_Data excerpts_.

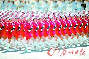 ????1999年建國50周年的閱兵儀式,第二次有女兵和女民兵方隊(duì)加入其中。昨天,是女兵和女民兵方隊(duì)第三次參加閱兵儀式。而且,女兵方隊(duì)首次由海陸空三軍的378名女兵組成,是本次閱兵當(dāng)中人數(shù)最多的方隊(duì),也是世界近代閱兵史上規(guī)模最大的徒步方隊(duì)。
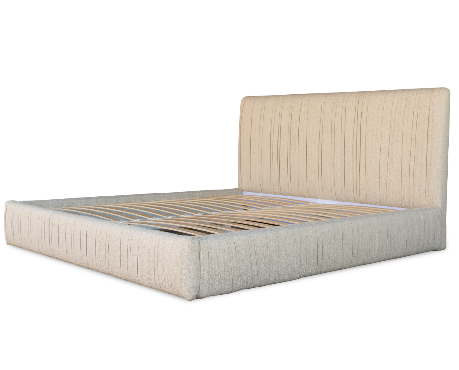 The Kylie bed frame is made out of solid timber and features a upholstered headboard and base. Made with European orthopaedic slats. A sophisticated piece made in an enduring style.
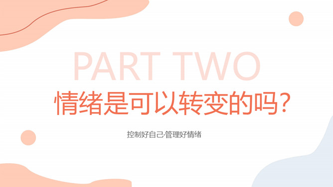 情绪管理做情绪的主人PPT模板。包括我们的情绪、情绪可以转变吗?情绪ABC理论、做情绪的主人等内容。
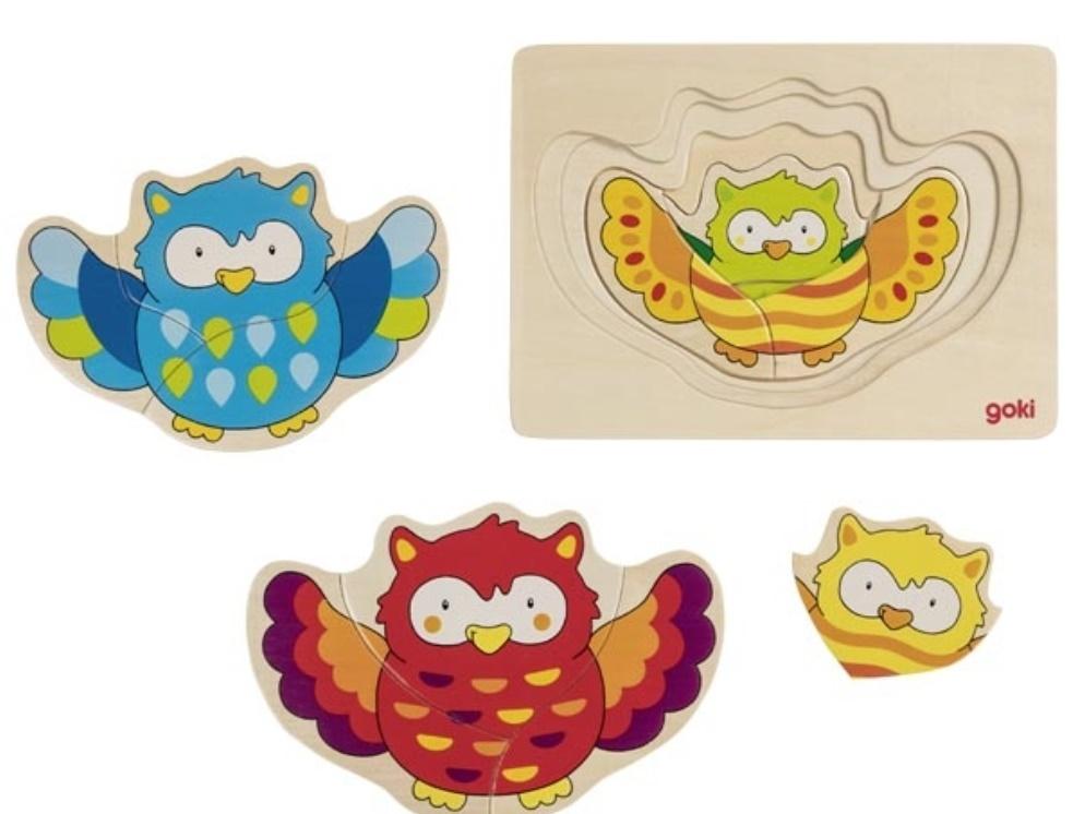 Czterowarstwowe drewniane puzzle Goki przedstawiają na każdej warstwie sowę w innym kolorze. Zabawka wspiera koordynację ręka-oko oraz pomaga w nauce kolorów. Układanka składa się z 11 elementów. Goki to producent drewnianych zabawek dla dzieci, które wyróżnia styl, żywe kolory, wysoka jakość i innowacyjność. Produkty Goki wspierają rozwój sensoryczny i motoryczny dziecka, skłaniają do logicznego myślenia, a rodzicom pomagają tworzyć zrównoważony styl zabawy bez hałasu i plastiku.
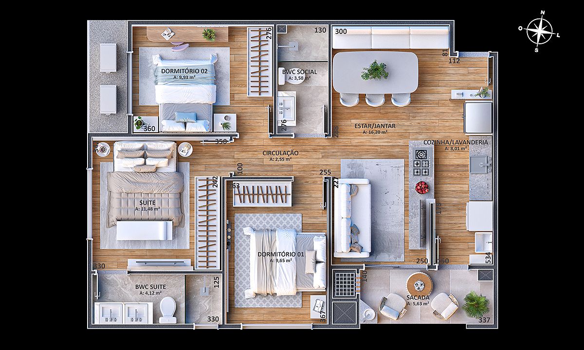 • Área privativa: 67,95m²
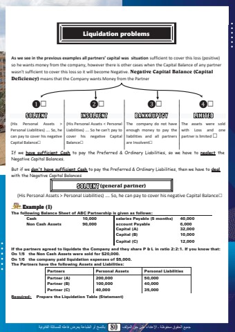 %u062c%u0645%u064a%u0639 %u0627%u0644%u062d%u0642%u0648%u0642 %u0645%u062d%u0641%u0648%u0638%u0629 %u0640 %u0627%u0625%u0644%u0639%u062a%u062f%u0627%u0621 %u0639%u0644%u0649 %u062d%u0642 %u0627%u0644%u0645%u0624%u0644%u0641 80 %u0628%u0627%u0644%u0646%u0633%u062e %u0623%u0648 %u0627%u0644%u0637%u0628%u0627%u0639%u0629 %u064a%u0639%u0631%u0636 %u0641%u0627%u0639%u0644%u0647 %u0644%u0644%u0645%u0633%u0627%u0626%u0644%u0629 %u0627%u0644%u0642%u0627%u0646%u0648%u0646%u064a%u0629As we see in the previous examples all partners%u2019 capital was situation sufficient to cover this loss (positive) so he wants money from the company, however there is other cases when the Capital Balance of any partner wasn't sufficient to cover this loss so it will become Negative. Negative Capital Balance (Capital Deficiency) means that the Company wants Money from the Partner%u2776%u02c7 %u2777%u02c7 %u2778%u02c7 %u2779%u02c7The assets were sold with Loss and one partner is limited %u02c7The company do not have enough money to pay the liabilities and all partners are Insolvent%u02c7(His Personal Assets < Personal Liabilities) %u2026. So he can't pay to cover his negative Capital Balance%u02c7(His Personal Assets > Personal Liabilities) %u2026. So, he can pay to cover his negative Capital Balance%u02c7If we have sufficient Cash to pay the Preferred & Ordinary Liabilities, so we have to neglect the Negative Capital Balances. But if we don't have sufficient Cash to pay the Preferred & Ordinary Liabilities, then we have to dealwith the Negative Capital Balances(His Personal Assets > Personal Liabilities) %u2026. So, he can pay to cover his negative Capital Balance%u02c7Example (1)The following Balance Sheet of ABC Partnership is given as follows:Cash 10,000 salaries Payable (5 months) 40,000Non Cash Assets 90,000 account Payable 6,000Capital (A) 32,000Capital (B) 10,000Capital (C) 12,000If the partners agreed to liquidate the Company and they share P & L in ratio 2:2:1. If you know that:On 1/5 the Non Cash Assets were sold for $20,000.On 1/6 the company paid liquidation expenses of $5,000.The Partners have the following Assets and Liabilities:Partners Personal Assets Personal LiabilitiesPartner (A) 200,000 50,000Partner (B) 100,000 40,000Partner (C) 40,000 35,000Required: Prepare the Liquidation Table (Statement)78Liquidation problems(general partner)
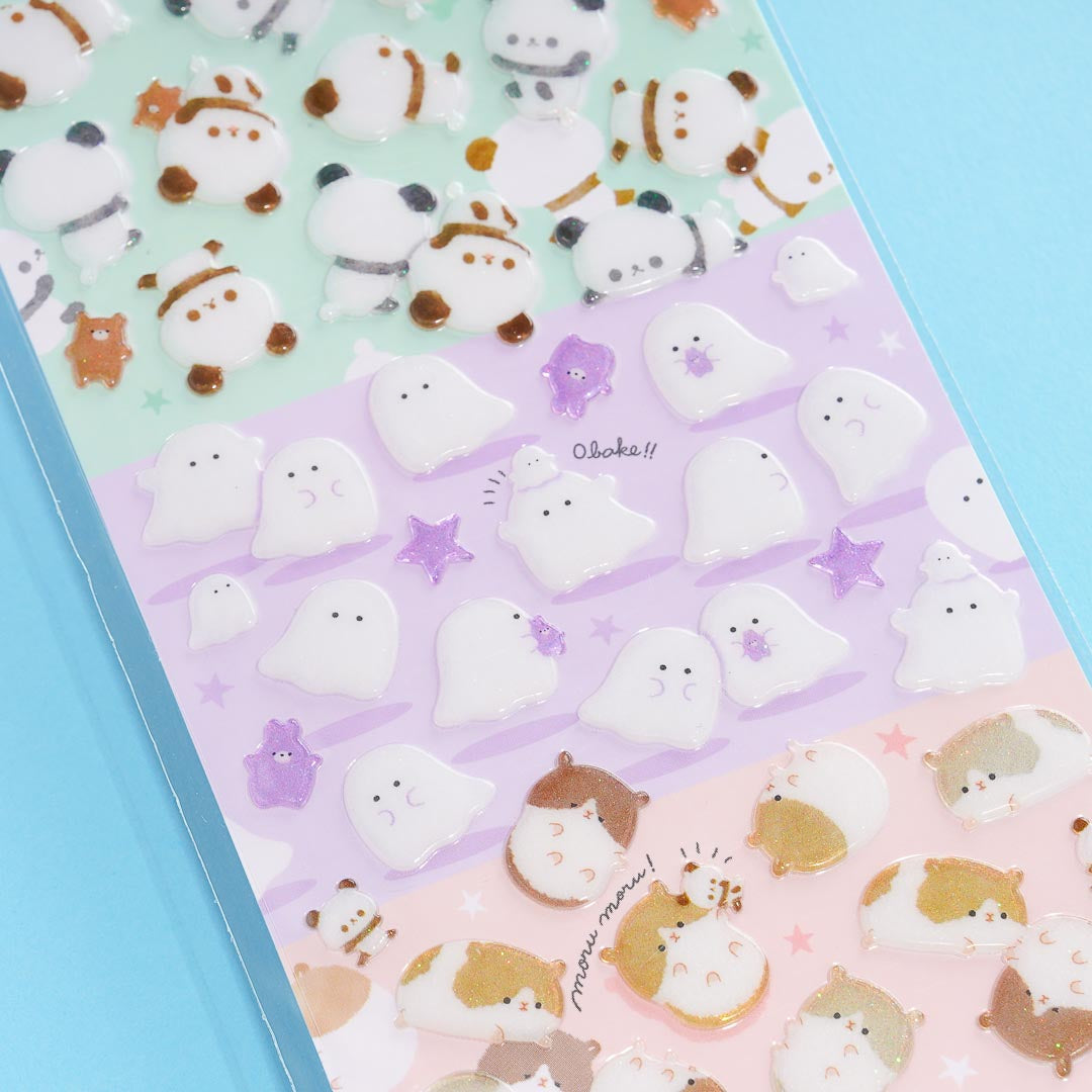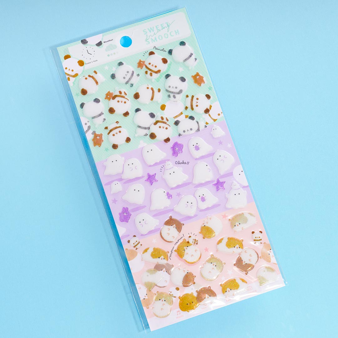 Have a blast decorating your notebook covers with these kawaii stickers! The set features prints of cute pandas, ghosts, and hamsters! Each die-cut piece also has glitters on it.

_What the task asks_.
Pictures aside, reproduce every record exactly as it stands.

_Task output_.
 ????1999年建國50周年的閱兵儀式,第二次有女兵和女民兵方隊(duì)加入其中。昨天,是女兵和女民兵方隊(duì)第三次參加閱兵儀式。而且,女兵方隊(duì)首次由海陸空三軍的378名女兵組成,是本次閱兵當(dāng)中人數(shù)最多的方隊(duì),也是世界近代閱兵史上規(guī)模最大的徒步方隊(duì)。
 The Kylie bed frame is made out of solid timber and features a upholstered headboard and base. Made with European orthopaedic slats. A sophisticated piece made in an enduring style.
 情绪管理做情绪的主人PPT模板。包括我们的情绪、情绪可以转变吗?情绪ABC理论、做情绪的主人等内容。
 Czterowarstwowe drewniane puzzle Goki przedstawiają na każdej warstwie sowę w innym kolorze. Zabawka wspiera koordynację ręka-oko oraz pomaga w nauce kolorów. Układanka składa się z 11 elementów. Goki to producent drewnianych zabawek dla dzieci, które wyróżnia styl, żywe kolory, wysoka jakość i innowacyjność. Produkty Goki wspierają rozwój sensoryczny i motoryczny dziecka, skłaniają do logicznego myślenia, a rodzicom pomagają tworzyć zrównoważony styl zabawy bez hałasu i plastiku.
 • Área privativa: 67,95m²
 %u062c%u0645%u064a%u0639 %u0627%u0644%u062d%u0642%u0648%u0642 %u0645%u062d%u0641%u0648%u0638%u0629 %u0640 %u0627%u0625%u0644%u0639%u062a%u062f%u0627%u0621 %u0639%u0644%u0649 %u062d%u0642 %u0627%u0644%u0645%u0624%u0644%u0641 80 %u0628%u0627%u0644%u0646%u0633%u062e %u0623%u0648 %u0627%u0644%u0637%u0628%u0627%u0639%u0629 %u064a%u0639%u0631%u0636 %u0641%u0627%u0639%u0644%u0647 %u0644%u0644%u0645%u0633%u0627%u0626%u0644%u0629 %u0627%u0644%u0642%u0627%u0646%u0648%u0646%u064a%u0629As we see in the previous examples all partners%u2019 capital was situation sufficient to cover this loss (positive) so he wants money from the company, however there is other cases when the Capital Balance of any partner wasn't sufficient to cover this loss so it will become Negative. Negative Capital Balance (Capital Deficiency) means that the Company wants Money from the Partner%u2776%u02c7 %u2777%u02c7 %u2778%u02c7 %u2779%u02c7The assets were sold with Loss and one partner is limited %u02c7The company do not have enough money to pay the liabilities and all partners are Insolvent%u02c7(His Personal Assets < Personal Liabilities) %u2026. So he can't pay to cover his negative Capital Balance%u02c7(His Personal Assets > Personal Liabilities) %u2026. So, he can pay to cover his negative Capital Balance%u02c7If we have sufficient Cash to pay the Preferred & Ordinary Liabilities, so we have to neglect the Negative Capital Balances. But if we don't have sufficient Cash to pay the Preferred & Ordinary Liabilities, then we have to dealwith the Negative Capital Balances(His Personal Assets > Personal Liabilities) %u2026. So, he can pay to cover his negative Capital Balance%u02c7Example (1)The following Balance Sheet of ABC Partnership is given as follows:Cash 10,000 salaries Payable (5 months) 40,000Non Cash Assets 90,000 account Payable 6,000Capital (A) 32,000Capital (B) 10,000Capital (C) 12,000If the partners agreed to liquidate the Company and they share P & L in ratio 2:2:1. If you know that:On 1/5 the Non Cash Assets were sold for $20,000.On 1/6 the company paid liquidation expenses of $5,000.The Partners have the following Assets and Liabilities:Partners Personal Assets Personal LiabilitiesPartner (A) 200,000 50,000Partner (B) 100,000 40,000Partner (C) 40,000 35,000Required: Prepare the Liquidation Table (Statement)78Liquidation problems(general partner)
 Have a blast decorating your notebook covers with these kawaii stickers! The set features prints of cute pandas, ghosts, and hamsters! Each die-cut piece also has glitters on it.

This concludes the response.